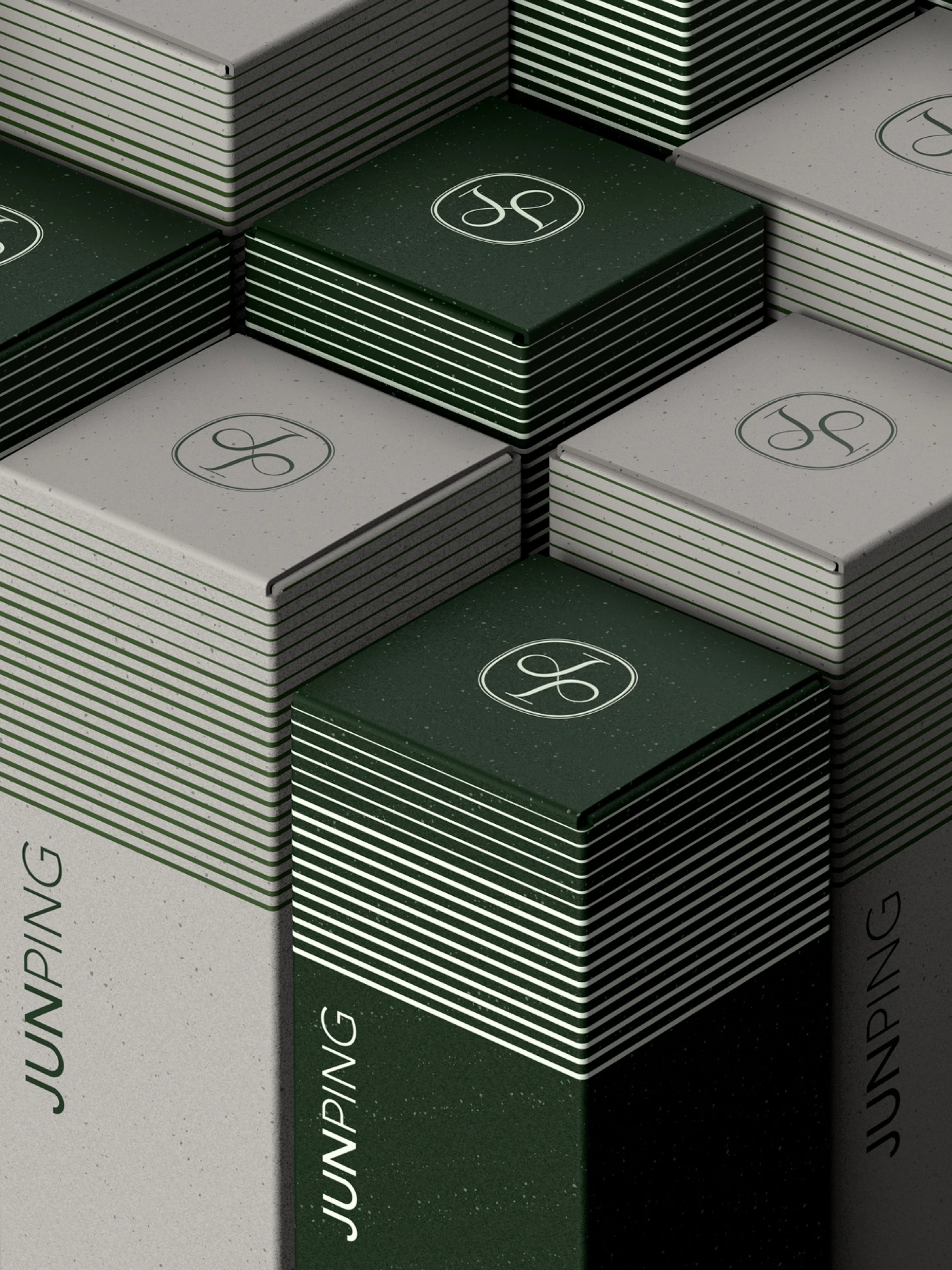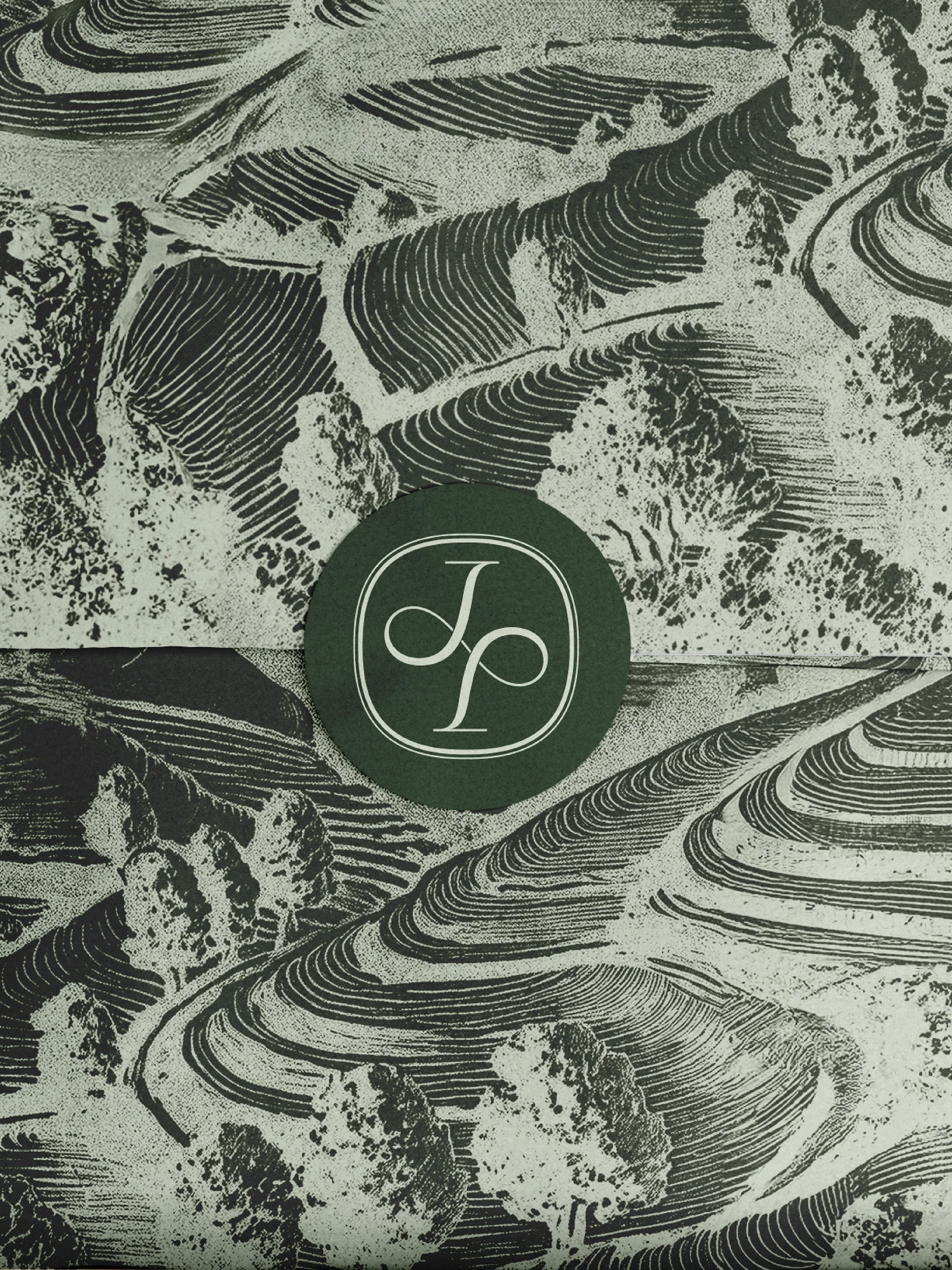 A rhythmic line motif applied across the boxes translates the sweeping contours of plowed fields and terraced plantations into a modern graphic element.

* * *

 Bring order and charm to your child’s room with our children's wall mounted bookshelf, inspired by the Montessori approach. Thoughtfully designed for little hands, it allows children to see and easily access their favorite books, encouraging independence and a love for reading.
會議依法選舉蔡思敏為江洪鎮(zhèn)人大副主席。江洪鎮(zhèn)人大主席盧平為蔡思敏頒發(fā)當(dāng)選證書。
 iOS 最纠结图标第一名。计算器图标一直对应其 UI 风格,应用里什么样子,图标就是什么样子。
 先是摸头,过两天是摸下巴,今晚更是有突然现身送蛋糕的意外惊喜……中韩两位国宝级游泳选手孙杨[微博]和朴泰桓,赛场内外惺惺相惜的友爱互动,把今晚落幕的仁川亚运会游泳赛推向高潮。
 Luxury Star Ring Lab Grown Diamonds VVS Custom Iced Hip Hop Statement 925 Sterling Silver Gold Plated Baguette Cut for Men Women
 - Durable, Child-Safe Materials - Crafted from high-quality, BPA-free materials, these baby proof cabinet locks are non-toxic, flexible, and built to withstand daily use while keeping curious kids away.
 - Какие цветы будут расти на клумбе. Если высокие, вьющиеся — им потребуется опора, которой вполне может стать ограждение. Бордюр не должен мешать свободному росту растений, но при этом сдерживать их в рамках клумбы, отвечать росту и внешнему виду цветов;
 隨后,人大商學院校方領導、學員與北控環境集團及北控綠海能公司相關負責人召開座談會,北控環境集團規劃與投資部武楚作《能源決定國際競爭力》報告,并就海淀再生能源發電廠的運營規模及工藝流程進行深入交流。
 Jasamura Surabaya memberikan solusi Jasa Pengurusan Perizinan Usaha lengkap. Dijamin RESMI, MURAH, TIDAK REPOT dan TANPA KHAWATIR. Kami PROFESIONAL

# Task brief
Out of the data above, transcribe exactly and only the lines starting with the line that has "Luxury Star Ring" and going on through the line that has "- Durable, Child-Safe", both included.

# Response
 Luxury Star Ring Lab Grown Diamonds VVS Custom Iced Hip Hop Statement 925 Sterling Silver Gold Plated Baguette Cut for Men Women
 - Durable, Child-Safe Materials - Crafted from high-quality, BPA-free materials, these baby proof cabinet locks are non-toxic, flexible, and built to withstand daily use while keeping curious kids away.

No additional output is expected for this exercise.